[WORK REQUIRED]: When copying the listing below, skip every picture and keep each word as it stands.

[SUPPLIED MATERIAL]:
^^^^^^^^^^^^^^^^
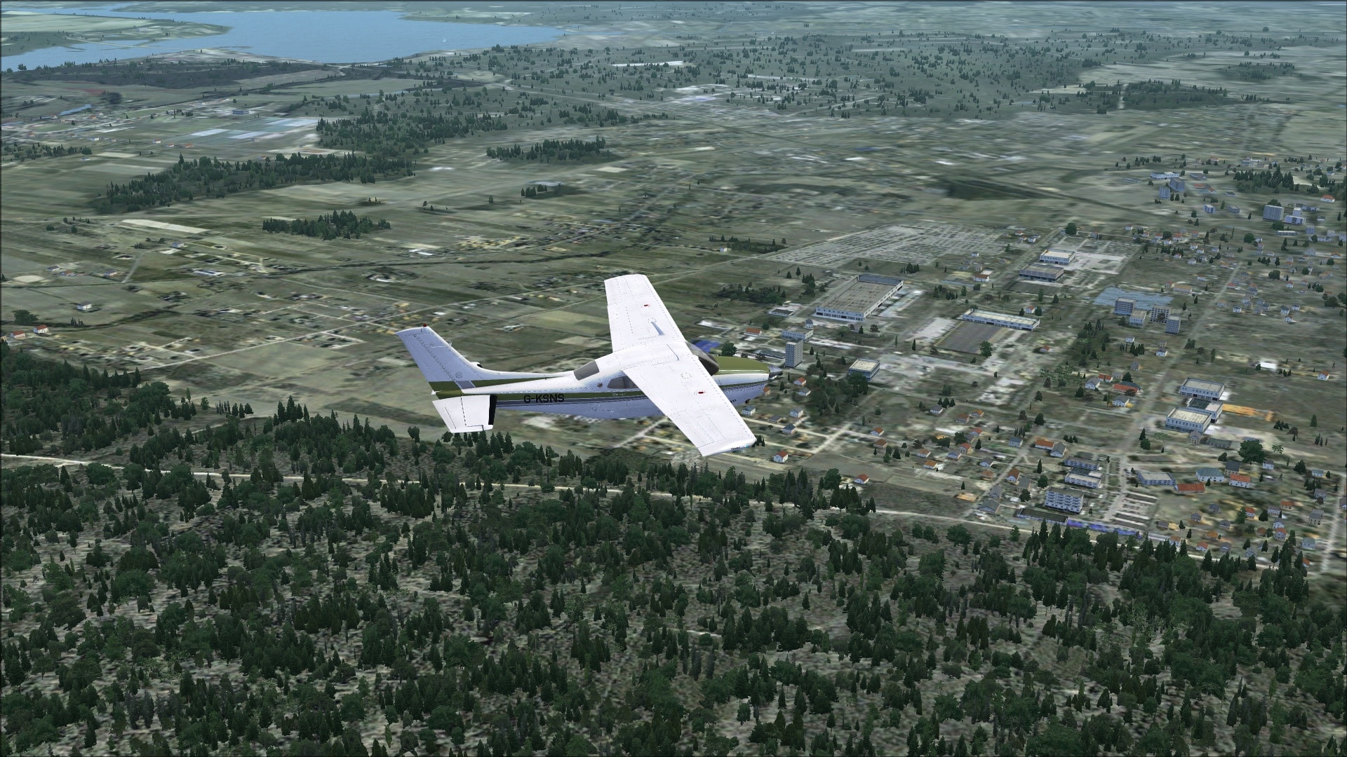 For the base they use photo textures so we get a detailed representation of the area and we can see all of the various geographic features. The use of photo textures also ensures that they have an accurate base whereby they can overlay the myriad of different objects and structures that are found throughout. The quality of these textures is such that at altitudes below approximately 1500ft there is some blurriness, which is a very common downside with photo textures, but as you get to higher altitudes the problem becomes less obvious.
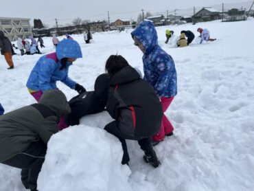 たくさんの雪が積もり、絶好の雪遊び日和ということで、グラウンドで雪遊びを行いました。
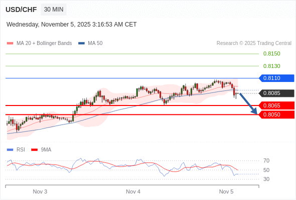 在 0.8110 之下,看跌,目标价位为 0.8065 ,然后为 0.8050 。
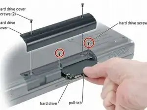 Удалите два винта с жесткого диска.
^^^^^^^^^^^^^^^^
[RESPONSE TO THIS EXERCISE]:
 For the base they use photo textures so we get a detailed representation of the area and we can see all of the various geographic features. The use of photo textures also ensures that they have an accurate base whereby they can overlay the myriad of different objects and structures that are found throughout. The quality of these textures is such that at altitudes below approximately 1500ft there is some blurriness, which is a very common downside with photo textures, but as you get to higher altitudes the problem becomes less obvious.
 たくさんの雪が積もり、絶好の雪遊び日和ということで、グラウンドで雪遊びを行いました。
 在 0.8110 之下,看跌,目标价位为 0.8065 ,然后为 0.8050 。
 Удалите два винта с жесткого диска.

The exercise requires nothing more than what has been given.